Anderson shakes his head. “I’m certain he hasn’t. I would have seen something in the security monitors by now, but I know he’s been using a boat at the marina to get around the islands.” He shrugs. “At least he’s topping off the gas. I figure they’re his boats, too, so I don’t say anything.”

Sighing, I lean back and scope out the bar scene. We only have a couple of customers, which is great for me since I have interviewees popping in all afternoon and night. I just wish one of my interviews was with Violet. It’s been impossible to get her off my mind, especially during all the quieter moments. Nighttime is the worst. All I can do is think about the last time I saw her.

I close my eyes and can practically feel her body swaying against me, teasing my cock with her ass like a little vixen. Even her lavender scent is engrained in my memory like she’s in front of me now. And then there’s the unmistakable tease in her voice, as though she remembers our past sins right along with me.

It’s clear now that she was on a mission to drive me away that night, but she accomplished the opposite. None of it makes sense. The way I can want her, years after she broke my fucking heart. The way she can invoke these memories of our past like they’re happening right this very moment. The way her words and her actions fail to sync up. It all only fucks with my head further.

But more than anything, more than her body and sultry dance moves, I miss her. I miss our friendship and the rarity that it proved to be over the years. She was always the one I turned to and the first one to always stand by my side. It was like she knew when I needed her most, and I tried to do the same for her. No questions asked. Not even the gray lines we sometimes teetered over could shake what we had. Which is why the end of us felt like the end of me.

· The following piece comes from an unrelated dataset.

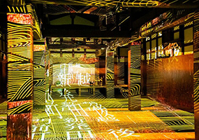 その昔、酒造りが行われていた「旧仕込蔵」をプロジェクションマッピングが楽しめる空間に改築し、新しい酒蔵体験を楽しめます!舞い散る花びらや打ち上げ花火が迫力ある音響とともに壁や床全体に映し出され、日常とは異なる時間と空間を存分にお楽しみ下さい。 |

Growling, I scrub harder at the glass I’m washing in the sink. Anderson finally took off to meet up with Hope, and my afternoon job candidates are about to arrive. Last week I managed to hire two waitresses and a barback. Bartenders are apparently hard to come by around here, so I’m hoping someone I’m meeting with today is qualified, or at least willing to train for the job.

I’m bored out of my mind after interviewing some guy named JC when the saloon door bangs open, and in comes a stone-faced Benson. I’m almost surprised when he plants himself at the bar, looks up at me, and nods. “Hey.”